Step 1: Understanding the Concept:
Each subshell \(l\) has \(2l+1\) orbitals with magnetic quantum numbers \(m_l\) ranging from \(-l\) to \(+l\). For every subshell (\(s, p, d, f\)), exactly one orbital has \(m_l=0\). Step 2: Detailed Explanation:
The ground state electronic configuration of Ge (\(Z=32\)) is:
\[ 1s^2 2s^2 2p^6 3s^2 3p^6 4s^2 3d^{10} 4p^2 \]
Let's identify the completely filled orbitals with \(m_l=0\):
- \(1s^2\): One \(s\) orbital (\(m_l=0\)).
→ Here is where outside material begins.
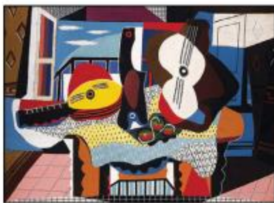
Πάμπλο Πικάσο: «Μαντολίνο και κιθάρα»

Completely filled. (1)
- \(2s^2\): One \(s\) orbital (\(m_l=0\)). Completely filled. (1)
- \(2p^6\): Three \(p\) orbitals (\(m_l = -1, 0, +1\)). The \(m_l=0\) orbital is completely filled. (1)
- \(3s^2\): One \(s\) orbital (\(m_l=0\)). Completely filled. (1)
- \(3p^6\): Three \(p\) orbitals (\(m_l = -1, 0, +1\)). The \(m_l=0\) orbital is completely filled. (1)
- \(4s^2\): One \(s\) orbital (\(m_l=0\)). Completely filled. (1)
- \(3d^{10}\): Five \(d\) orbitals (\(m_l = -2, -1, 0, 1, 2\)). The \(m_l=0\) orbital is completely filled. (1)
- \(4p^2\): According to Hund's rule, the 2 electrons occupy separate orbitals (e.g., \(m_l = -1\) and \(m_l = 0\)). The orbital with \(m_l=0\) contains only 1 electron and is thus not completely filled.
Sum of completely filled orbitals with \(m_l=0\): \( 1 + 1 + 1 + 1 + 1 + 1 + 1 = 7 \). Step 3: Final Answer:
The value of \(x\) is 7.